A couple who lived in Taiwan for 39 years before retiring to the USA in 2018, arrived in Taiwan this week so they could vote in the upcoming Presidential election, Saturday, January 11.
David Alexander, already a veteran of the Vietnam War, and Charlene Bos, first met in Taiwan when they were both working in English language programs for the Presbyterian Church in 1976.
As David wrote on his blog Aboksu: “At that time Taiwan was listed as one of the “not free” nations of the world … One of the joys of living in Taiwan until I retired was seeing it become one of the freest nations on earth today.”
According to research by Taiwan English News, David and Charlene returned to America in 1979 to pursue further studies, and married in 1980.
In 1982, David and Charlene Alexander, armed with post-graduate degrees in theology and education, and studying the Chinese and Taiwanese languages, returned to Taiwan to take up full-time residence.
Between 1982 and 2018, the Alexanders worked as members of the Presbyterian Church in Taiwan, raised a family, and experienced first hand, Taiwan’s transformation from a dictatorship ruled under martial law, to the thriving democracy it is today.
The Alexander family lived in Kaohsiung, where their two children were born, Katherine in 1985, and Grant, in 1991. In 2007 they moved to Tainan where they lived until David and Charlene’s retirement in 2018.
David Alexander was recipient of Taiwan Ministry of Interior (MOI) recognition for long-term service to the nation in 2007, and in 2015 was awarded the Presidential Office, Order of Brilliant Star with Violet Grand Cordon.
David and Charlene spoke in fluent Taiwanese when they were awarded citizenship at a ceremony in Tainan City, shortly before their retirement in 2018.
According to an interview with Taiwan English News, after experiencing the last decade of Taiwan’s 38-year-long period of rule under martial law and the dictatorship of a one-party state, and witnessing recent events in Hong Kong, the Alexander’s were not about to take their rights as citizens of Taiwan for granted.
“We watched the end of KMT dictatorial rule through the 1980s and 90s, were thrilled to be here for the election in 1996, (though disappointed by the result) and even more thrilled in 2000 (when we liked the result).

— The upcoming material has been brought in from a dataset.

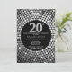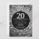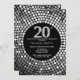 Convite de Aniversário de 20. Negra e Silver Glitter. Diamante de Prata.Festa de aniversário para adultos. Para Homens ou Mulheres.
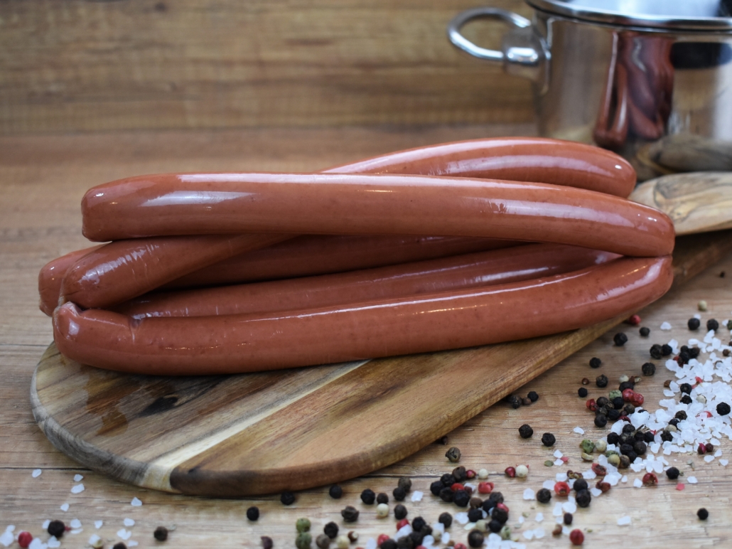 In der Eigenhaut, daher zart im Biss, ob warm gemacht, aus der Pfanne oder vom Grill, alles geht.

The kerfluffle in 2004 resulting in a recount made us feel that Taiwan truly knew how to hold a fair election.” David told Taiwan English News.
“The years between 2008 and 2016 were scary, but the results in 2016 encouraged us. Even so, we could not vote.”
“We never imagined we’d be able to, but changes that began in 2017 resulted in us being included in the category of “Taiwan Citizens” just before our planned departure and retirement.”
“So now we’ve come home to vote in the election.”
Having experienced, since 2018, an America for which we didn’t vote, we don’t want something similar to go down here should the KMT win. We feel it to be very important that we help President Tsai to continue in office for another term.”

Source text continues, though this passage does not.